__REQUIREMENT__: Print every line below exactly. Skip the pictures.

__COLLECTED MATERIAL__:

···

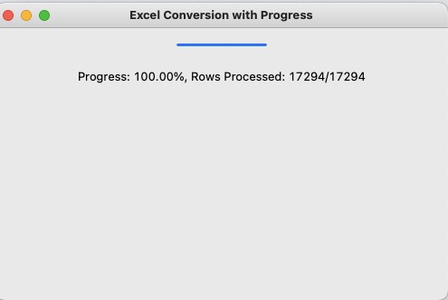 - 对于超大 excel 文件(数十万行),每行都刷新界面可能会略微影响性能。可改为每 10 行或 50 行更新一次。
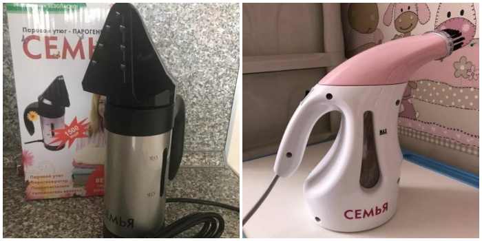 Если говорить о малогабаритных моделях, то здесь лидер рейтинга – это, безусловно, ручной отпариватель «Семья». Прибор особенно хорош для семей с маленькими детьми. Он поможет не только быстро разгладить детские вещи, но и пропарит, а значит и простерилизует, мягкие игрушки. Радует и невысокая цена – в зависимости от модели, от 800 до 2000 рублей. Но есть и минусы.
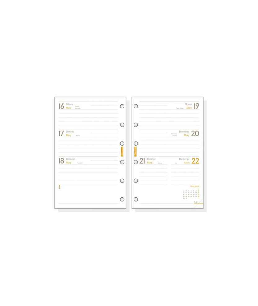 Recanvi anual d'agenda Finocam Classic 2026 vista setmanal horitzontal en català. Amb cantonades microperforades per localitzar ràpidament el dia o la setmana en curs i informació d'interès. Mides: 73 x 114 mm.

···

__EXERCISE OUTPUT__:
 - 对于超大 excel 文件(数十万行),每行都刷新界面可能会略微影响性能。可改为每 10 行或 50 行更新一次。
 Если говорить о малогабаритных моделях, то здесь лидер рейтинга – это, безусловно, ручной отпариватель «Семья». Прибор особенно хорош для семей с маленькими детьми. Он поможет не только быстро разгладить детские вещи, но и пропарит, а значит и простерилизует, мягкие игрушки. Радует и невысокая цена – в зависимости от модели, от 800 до 2000 рублей. Но есть и минусы.
 Recanvi anual d'agenda Finocam Classic 2026 vista setmanal horitzontal en català. Amb cantonades microperforades per localitzar ràpidament el dia o la setmana en curs i informació d'interès. Mides: 73 x 114 mm.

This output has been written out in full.